In the past five years, we have invested nearly $857.8 million in acquisitions, $476.7 million in organic capital expenditures, and approximately $1.7 billion in share repurchases and dividends. Since becoming a public company in 1994, our share count is down nearly 48%, and we have returned approximately $3.2 billion to our shareholders through a combination of share repurchases and dividends.

The result speaks for itself as EXP has outperformed the S&P 500, as the chart below shows, averaging an annual return of 16.7% verses the index’s 9.4%, since 1995.

EXP vs SPY | dividendchannel.com

Powerful Pricing Power

Cement companies like EXP—boring and untouchable, similar to coal and oil companies—could prove a surprising winner in the years ahead. There are two aspects of the cement market that could continue to give the companies strong pricing power.

First, supply is not keeping up with demand. EXP’s management said as much in its last earnings call:

On the supply side, U.S. manufactured cement supply continues to be outpaced by demand.

Total capacity has fallen since 2010 when further regulations were enacted known as niche, making new plant construction and capacity expansion challenging. This creates the ingredients for a strong pricing environment.

And the situation is unlikely to change any time soon. According to management:

We have very stringent permitting requirements in our industry. Because of this, we do not perceive any significant new plant builds or expansions in our markets that would materially change the supply picture. The natural consequence of these two factors is sustained pricing power.

Not a great situation for the economy but an awesome cocktail for existing suppliers of construction materials.

A second reason pricing power will likely persist is because cement companies are local monopolies. Building materials such as cement, concrete, aggregates, and gypsum wallboard are heavy and therefore expensive to transport making it nearly impossible for distant competitors to compete economically. This creates multiple mini-markets within which each player is a de facto monopoly. Management hinted at this in its latest annual report, writing:

Because of its low value-to-weight ratio, the relative cost of transporting cement on land is high and limits the geographic area in which each producer can market its products profitably. Management believes shipments of cement by truck are generally limited to a 150-mile radius from each plant, with the shipping radius increasing to up to 300 miles by rail, and further by barge. Therefore, the U.S. cement industry comprises numerous regional markets rather than a single national market.
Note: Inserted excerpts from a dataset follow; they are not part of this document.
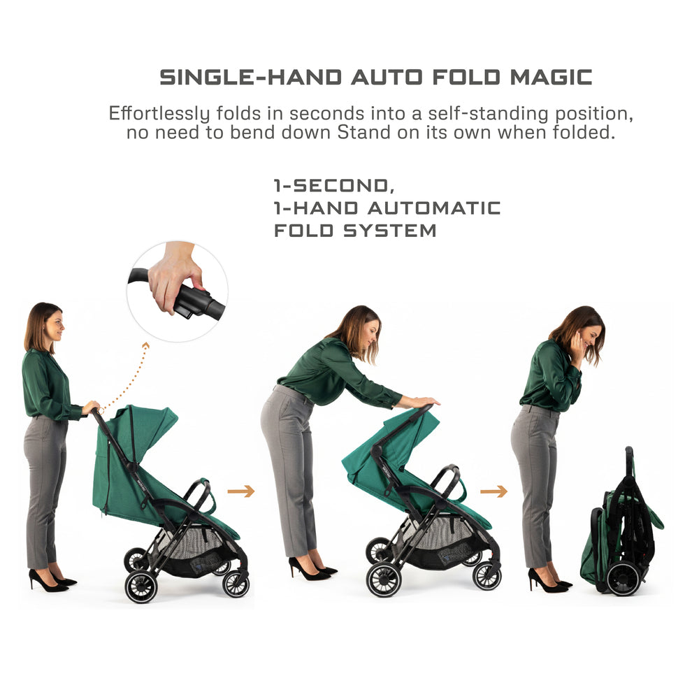 - Magic Auto-Fold Mechanism: The advanced Magic Fold system folds the THETA stroller in seconds and sets it into a self-standing position. Perfect for busy parents, it makes storage and travel hassle-free.
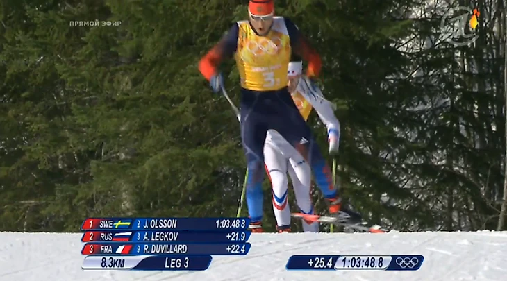 14.48 Итак, передача эстафеты Легкову! Мы отстаём на 41 секунду от шведов и финнов и на 24 секунды от чехов, которые третьи.
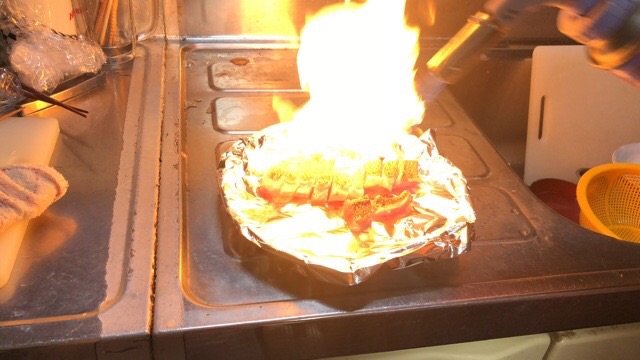 バーナーで炙っているところです。少し厚く切りすぎたのと炙り過ぎてしまい、味がとんでしまいました。失敗
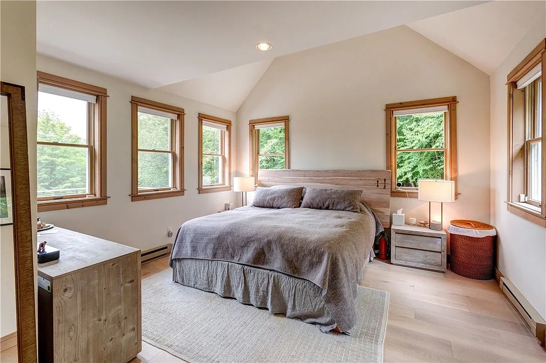 The home opens into a large, open-concept living area where cathedral ceilings and oversized windows frame the wooded landscape outside. This architectural choice isn’t just for aesthetics, it allows the interior to be flooded with natural light while maintaining a cozy, grounded feeling inside.

So because the cement industry is experiencing a supply/demand imbalance and because cement companies are essentially local monopolies, they should be able to maintain strong pricing power for the foreseeable future. This in turn could mean high returns for investors. We believe this setups up a situation well worth digging further into and plan to do so in the weeks ahead.


With that we’ve wrapped up the latest episode of the show. We hope you got something out of this initial look at a new industry and a new company. We like what we see in cement, and EXP in particular, but we haven’t put any money to work in the space yet. We have a lot more work to do.

Thanks again for all your support and feedback. We’ve seen an uptick in reader interaction on our Substack page as you all chime in with your own thoughts and ideas. We love hearing from you guys. Thank you. We’ll see you all next Saturday on the next episode.